Alors vous posez des questions : « Eh bien, de combien de personnes parlons-nous ? Qui sont-ils ? Quels sont leurs noms ? Avons-nous procédé à des vérifications des antécédents criminels de l’un d’entre eux ? » Vous êtes prêt à aider, mais vous avez vos propres enfants à nourrir, vos propres factures à payer et l'argent doit venir de quelque part. Votre aide doit être raisonnée et mesurée. Vous ne voulez pas mettre accidentellement un violeur reconnu coupable dans la même pièce que votre fille, c'est pourquoi vous demandez des limites raisonnables et des mesures de protection.

« Un fanatique suprémaciste blanc égocentrique et haineux ! » ils pleurent en réponse. « Je pensais que tu étais censé être chrétien. »

Et ici, mes amis, nous avons une représentation assez précise du débat national sur la sécurité des frontières.

Et je comprends. J’ai TRÈS du mal avec la manière insensible et parfois déshumanisante dont ces questions sont souvent abordées à droite. C'est un problème. Il y a une haine légitime dans notre camp. Il y a un vrai racisme. Il y a de la cruauté envers les gens qui sont différents. Il faut y faire face, et non l’ignorer. Je serais enclin à être d’accord avec Budde sur ce point.

Mais suggérer que le président Donald Trump a en quelque sorte besoin d’une leçon sur la clémence pour des positions politiques telles que seules les femmes accouchent et qu’il faut entrer légalement dans le pays est une manipulation émotionnelle. Je ne l'ai pas.

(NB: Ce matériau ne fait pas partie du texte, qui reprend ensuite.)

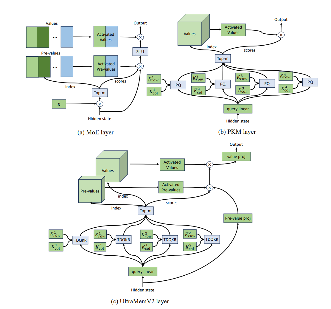 To close this gap, the authors introduce UltraMemV2, a redesigned memory-layer model that incorporates tighter integration with Transformer blocks, streamlined value processing, expert-like FFN computation, optimized initialization, and better compute balancing. These enhancements enable UltraMemV2 to match 8-expert MoE performance while preserving the low-memory-access advantages of memory layers.

Je suis tellement las de voir des idées qui mènent au mal être présentées comme de la compassion. C'est un grand renversement de la réalité – une forme de DARVO (Deny, Attack, Reverse Victim and Offender). C'est encore plus insidieux et difficile à digérer quand cela vient de la chaire – de ceux qui prétendent représenter Dieu.

Les gens de droite (y compris les théobros chauvins qui l’utilisent comme pièce justificative dans leur campagne contre les prédicatrices) mettent en garde depuis des années contre les méfaits de « l’empathie toxique ». Je déteste le dire mais ils n’ont pas entièrement tort. C'est devenu incontrôlable.

Ce n'est pas un problème nouveau, mais il a simplement été reconditionné et renommé au cours de l'histoire récente. C'est peut-être Flannery O'Connor qui l'a mieux dit dans son essai « Mystery and Manners: Occasional Prose » :

« Si d’autres époques ressentaient moins, ils voyaient davantage, même s’ils voyaient avec l’œil aveugle, prophétique et sans sentimentalité de l’acceptation, c’est-à-dire de la foi. En l’absence de cette foi, nous gouvernons par la tendresse. C'est une tendresse qui, longtemps coupée de la personne du Christ, s'enveloppe de théorie. Lorsque la tendresse est détachée de sa source, son résultat logique est la terreur. Cela se termine dans les camps de travaux forcés et dans les fumées des chambres à gaz.»

Si nous désirons la miséricorde, nous devons nous accrocher sans broncher à la vérité, même si elle est inconfortable.